* **WHAT YOU ARE ASKED TO DO**:
Among the entries below, only the lines starting at the one with "주민들에게 고향사랑기부제의 시행취지를" and ending at the one with "后來經(jīng)過繼續(x", both included, are to be printed exactly.

* **DATA FOR REVIEW**:
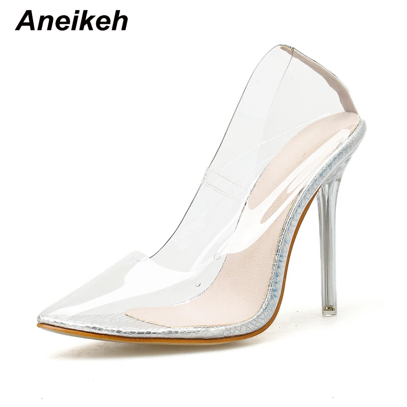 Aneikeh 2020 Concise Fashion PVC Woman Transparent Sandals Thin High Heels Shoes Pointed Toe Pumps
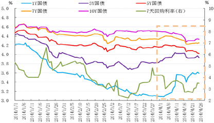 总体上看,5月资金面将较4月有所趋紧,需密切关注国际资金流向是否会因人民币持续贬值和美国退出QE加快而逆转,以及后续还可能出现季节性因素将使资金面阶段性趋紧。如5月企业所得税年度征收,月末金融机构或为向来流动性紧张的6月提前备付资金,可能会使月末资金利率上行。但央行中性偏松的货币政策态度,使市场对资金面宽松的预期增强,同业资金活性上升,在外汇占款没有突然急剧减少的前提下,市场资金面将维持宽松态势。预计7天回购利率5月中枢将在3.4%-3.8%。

---

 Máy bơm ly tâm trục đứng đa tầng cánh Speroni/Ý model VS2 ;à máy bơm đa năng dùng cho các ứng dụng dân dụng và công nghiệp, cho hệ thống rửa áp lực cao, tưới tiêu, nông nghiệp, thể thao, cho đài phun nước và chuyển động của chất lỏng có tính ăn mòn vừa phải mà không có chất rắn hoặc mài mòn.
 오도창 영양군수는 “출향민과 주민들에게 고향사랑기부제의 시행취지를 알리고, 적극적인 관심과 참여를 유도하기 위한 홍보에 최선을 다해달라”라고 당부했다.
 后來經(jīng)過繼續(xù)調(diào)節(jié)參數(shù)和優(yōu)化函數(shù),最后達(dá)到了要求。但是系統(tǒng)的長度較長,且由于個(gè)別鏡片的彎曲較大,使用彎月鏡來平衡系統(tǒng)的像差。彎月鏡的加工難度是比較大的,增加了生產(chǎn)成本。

* **FINAL ANSWER**:
 오도창 영양군수는 “출향민과 주민들에게 고향사랑기부제의 시행취지를 알리고, 적극적인 관심과 참여를 유도하기 위한 홍보에 최선을 다해달라”라고 당부했다.
 后來經(jīng)過繼續(xù)調(diào)節(jié)參數(shù)和優(yōu)化函數(shù),最后達(dá)到了要求。但是系統(tǒng)的長度較長,且由于個(gè)別鏡片的彎曲較大,使用彎月鏡來平衡系統(tǒng)的像差。彎月鏡的加工難度是比較大的,增加了生產(chǎn)成本。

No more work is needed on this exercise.